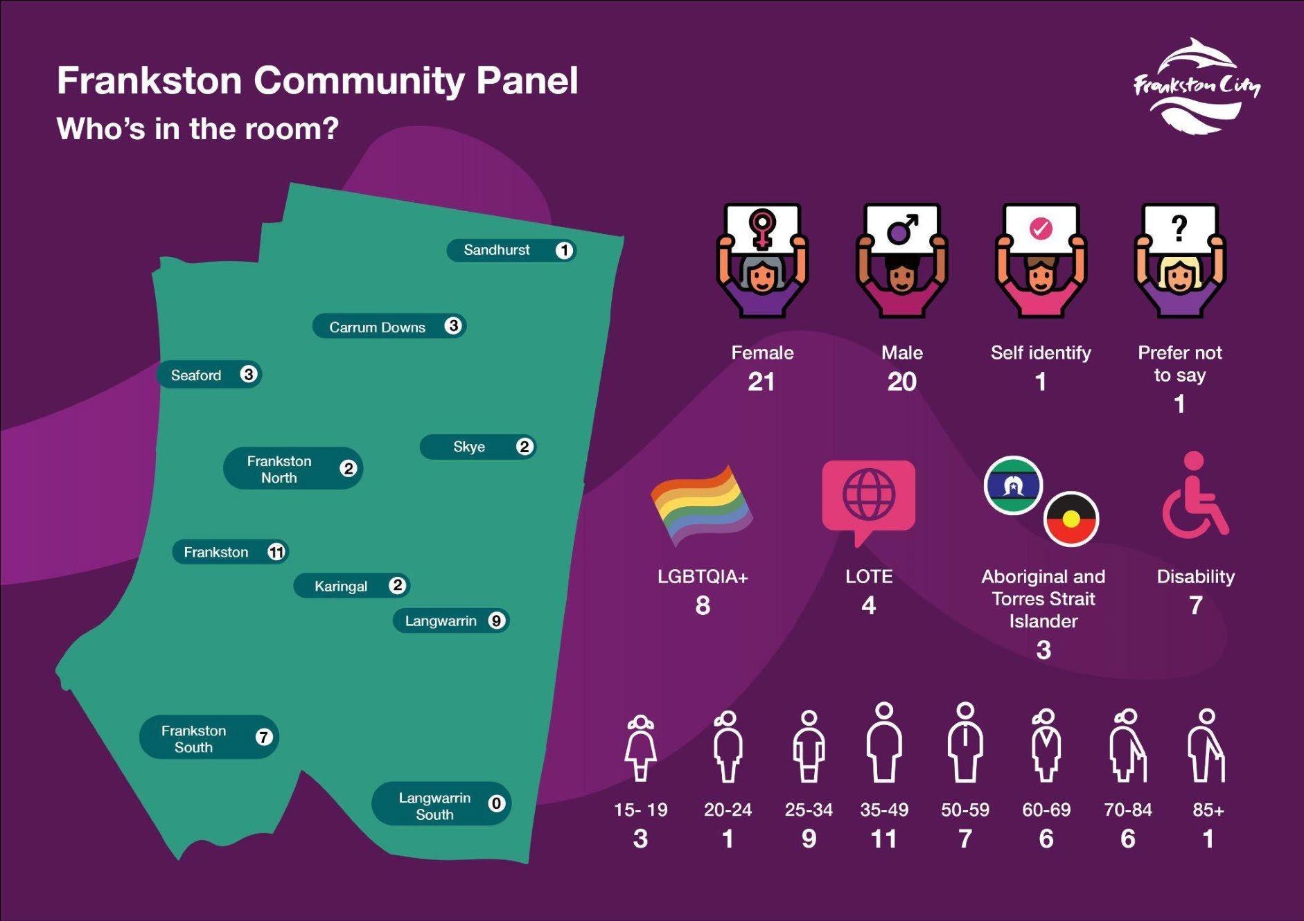 Panel members were recruited by Conversation Co to reflect the demographic makeup of the Frankston City community using a stratified sampling approach. A total of 110 nominations were received, with 44 people recruited, and 39 of these participated in the panel. Figure 1 shows the demographic makeup of the panel across age, gender, house tenure, location, education and identification with demographic descriptors (Aboriginal and Torres Strait Islander, cultural diversity, disability and sexuality).
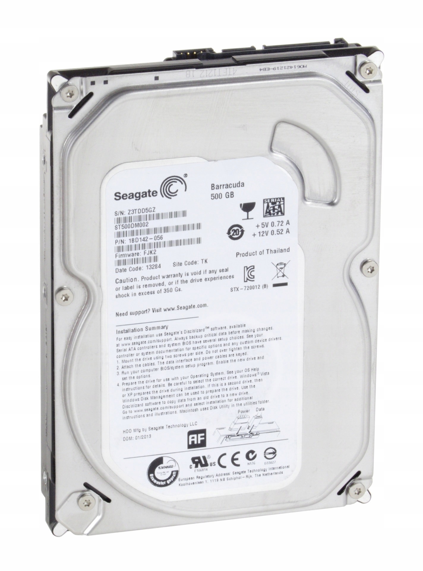 Wewnętrzny 3.5-calowy dysk twardy HDD o pojemności 500 GB, wykorzystujący interfejs SATA III (6 Gb/s). Wyposażony w 1 talerz i 2 głowice, a także 16 MB pamięci podręcznej. Prędkość obrotowa wynosi 7200 obr./min., szybkość przesyłu danych sformatowanych 6 Gbit/s, średni czas odczytu 11 ms, a średni czas zapisu 12 ms. Wykorzystuje technologię NCQ.
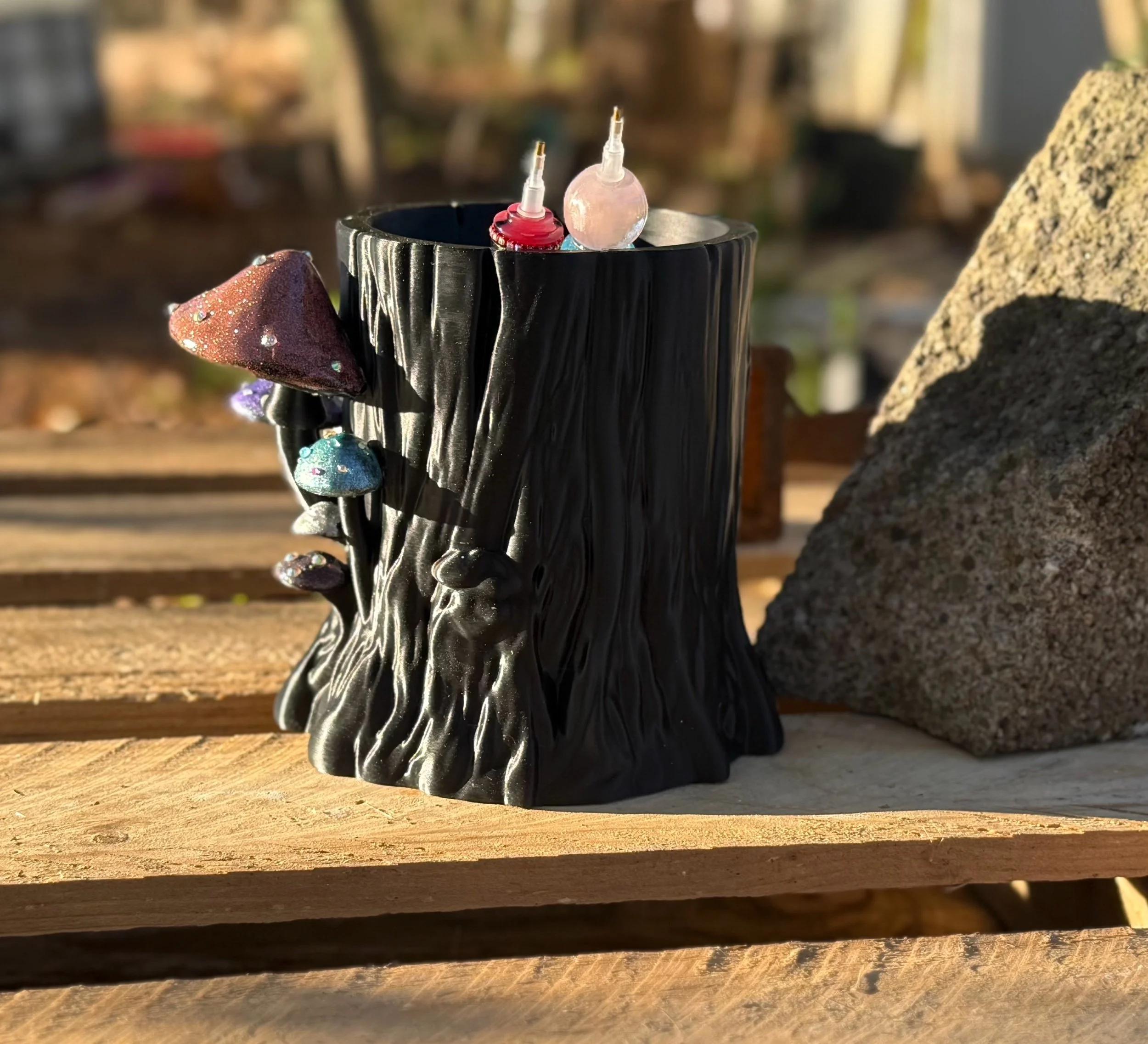 3D printed ornaments, shaped like Deadpool with Christmas accessories.
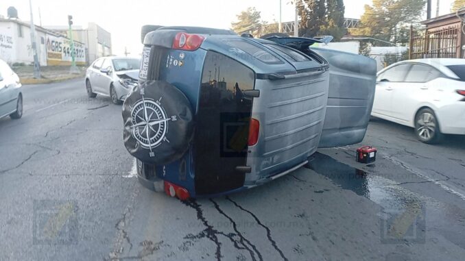 El percance ocurrió cuando la conductora de una camioneta Jeep Liberty intentó incorporarse a la vialidad principal sin percatarse de que, en sentido de sur a norte, avanzaba un automóvil Toyota Corolla, lo que derivó en un impacto directo contra el costado izquierdo del sedán. La fuerza del choque fue tal que la camioneta terminó volcada sobre su costado derecho, generando momentos de alarma entre testigos y automovilistas que transitaban por la zona.

□ □ □ □ □ □ □

### Problem to solve
What's needed is an exact copy of the lines above from the one with "Wewnętrzny 3.5-calowy dysk" through the one with "3D printed ornaments, shaped", both included; the pictures stay out.

### The completed task
 Wewnętrzny 3.5-calowy dysk twardy HDD o pojemności 500 GB, wykorzystujący interfejs SATA III (6 Gb/s). Wyposażony w 1 talerz i 2 głowice, a także 16 MB pamięci podręcznej. Prędkość obrotowa wynosi 7200 obr./min., szybkość przesyłu danych sformatowanych 6 Gbit/s, średni czas odczytu 11 ms, a średni czas zapisu 12 ms. Wykorzystuje technologię NCQ.
 3D printed ornaments, shaped like Deadpool with Christmas accessories.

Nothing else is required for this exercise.